How have all the factors above been brought together to estimate a fair value?
  • The analysts have a consensus price target of SEK17.76 for Volvo Car AB (publ.) based on their expectations of its future earnings growth, profit margins and other risk factors. However, there is a degree of disagreement amongst analysts, with the most bullish reporting a price target of SEK20.1, and the most bearish reporting a price target of just SEK14.0.
  • In order for you to agree with the analyst's consensus, you'd need to believe that by 2028, revenues will be SEK413.0 billion, earnings will come to SEK17.7 billion, and it would be trading on a PE ratio of 3.9x, assuming you use a discount rate of 10.1%.

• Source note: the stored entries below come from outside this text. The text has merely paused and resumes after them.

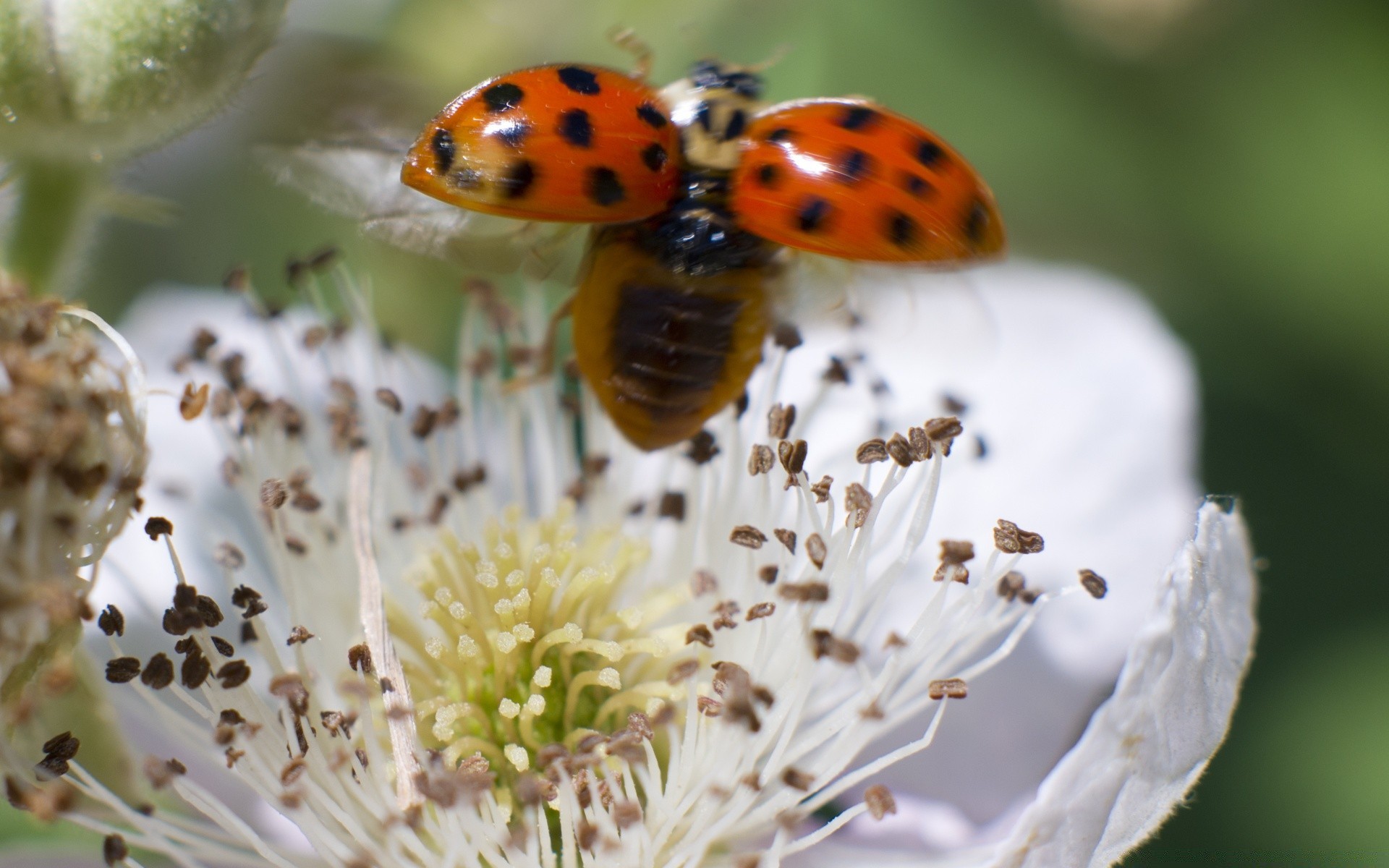 Coccinelle décolle d'une fleur blanche
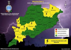 Yellow warning: Thunderstorm with lightning very likely to occur at one or two places over the districts of Malkangiri, Koraput, Rayagada, Gajapati, Ganjam, Keonjhar and Mayurbhanj.
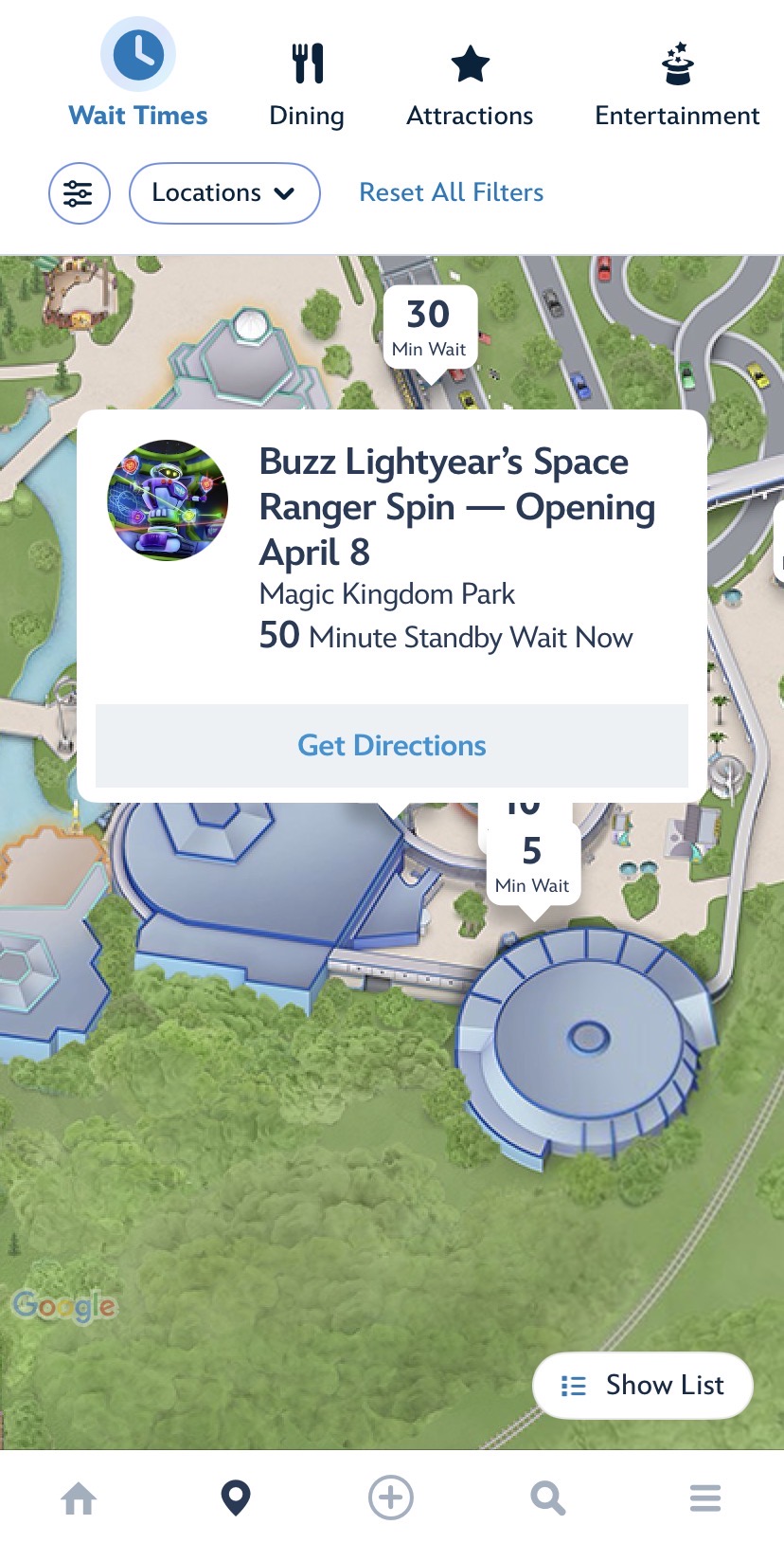 Amid a soft opening period, the Buzz Lightyear’s Space Ranger Spin wait time is now showing in Walt Disney World’s My Disney Experience app. Buzz Lightyear’s Space Ranger Spin Wait Time After a few weeks of cast member previews, the reimagined ride soft opened to guests earlier this week. As the app still states, it’s not set to officially reopen until April 8. This means it could be closed for full days during the next week if issues are found....

  • Given the current share price of SEK20.62, the analyst price target of SEK17.76 is 16.1% lower. Despite analysts expecting the underlying buisness to improve, they seem to believe the market's expectations are too high.

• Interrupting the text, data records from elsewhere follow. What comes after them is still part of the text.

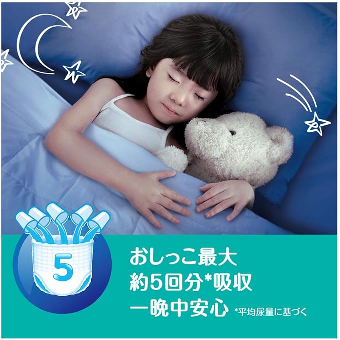 パンパース オムツ パンツ さらさらパンツ ビッグより大きいサイズ。 ・最長12時間お肌さらさらゴールデンスリープ ※赤ちゃんの成長にとって特別な、一晩中邪魔されない眠りをパンパースは「ゴールデンスリープ」と呼んでいます。 ・独自の1枚多いさらさらシートで、おしっこもムレも肌によせつけません。 ・新技術。 ウエスト超ふわふわ革命、新技術で、お腹まわりを締め付けずにやさしく包み込むおむつ。 ・もちろん、通気性ばっちりの紙オムツ。コットンシート* ムレを逃がして赤ちゃんのお肌は快適。 ・Sカーブで快適フィット 遊びざかりの動きにあわせて伸び縮み自由自在の紙おむつ。 ・モレ防止も最長12時間。パンパースの吸収力と、モレ防止ギャザーで、もちろんモレ安心。
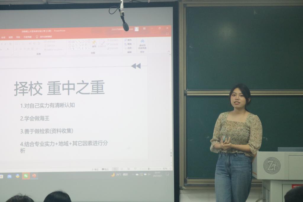 会上,陈玲首先对于考研学生如何择校以及怎样了解所选院校的相关信息进行了讲解。接着由7位优秀毕业生们分别上台进行经验分享。他们详细地讲述了自身的学习方法和计划安排,强调要合理安排时间。同时也要注重身体健康方面和心态保持方面,做到坚持锻炼,学会排遣压力,与家人老师沟通。最后,刘景春就会议进行总结。他提出同学们要合理吸取学长学姐们的经验教训,以积极的心态备战考研、法考,并期待同学们能取得满意的成绩。
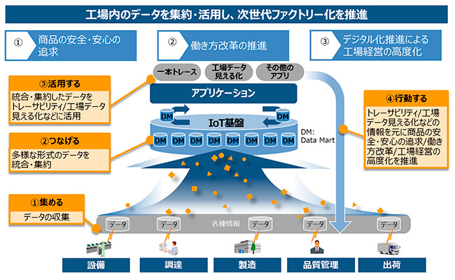 新工場では、高頻度で発生する生産データを「Hitachi Digital Supply Chain/IoT」を用いて高速かつ安定的に収集・伝送し、それらのデータをデータ統合・分析基盤「Hitachi IoT-Platform for industry」で統合。生産現場視点でのデータ分析や最適化に必要なデータの抽出・紐づけとアプリでの利用を容易にした。従来は工程・ライン単位でデータを集約・利活用する個別最適にとどまっていたが、IoT基盤の活用によって工場全体の最適化が可能となり、工場経営を高度化するという。
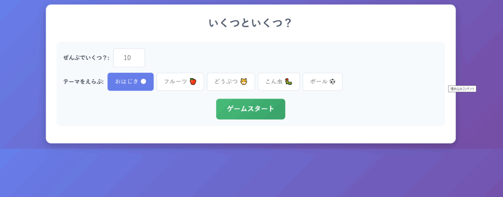 左に表示されたくだものを右から選択する神経衰弱チックな数合わせ

  • We always encourage you to reach your own conclusions though. So sense check these analyst numbers against your own assumptions and expectations based on your understanding of the business and what you believe is probable.

How well do narratives help inform your perspective?

Disclaimer

AnalystConsensusTarget is a tool utilizing a Large Language Model (LLM) that ingests data on consensus price targets, forecasted revenue and earnings figures, as well as the transcripts of earnings calls to produce qualitative analysis. The narratives produced by AnalystConsensusTarget are general in nature and are based solely on analyst data and publicly-available material published by the respective companies. These scenarios are not indicative of the company's future performance and are exploratory in nature. Simply Wall St has no position in the company(s) mentioned. Simply Wall St may provide the securities issuer or related entities with website advertising services for a fee, on an arm's length basis. These relationships have no impact on the way we conduct our business, the content we host, or how our content is served to users. The price targets and estimates used are consensus data, and do not constitute a recommendation to buy or sell any stock, and they do not take account of your objectives, or your financial situation. Note that AnalystConsensusTarget's analysis may not factor in the latest price-sensitive company announcements or qualitative material.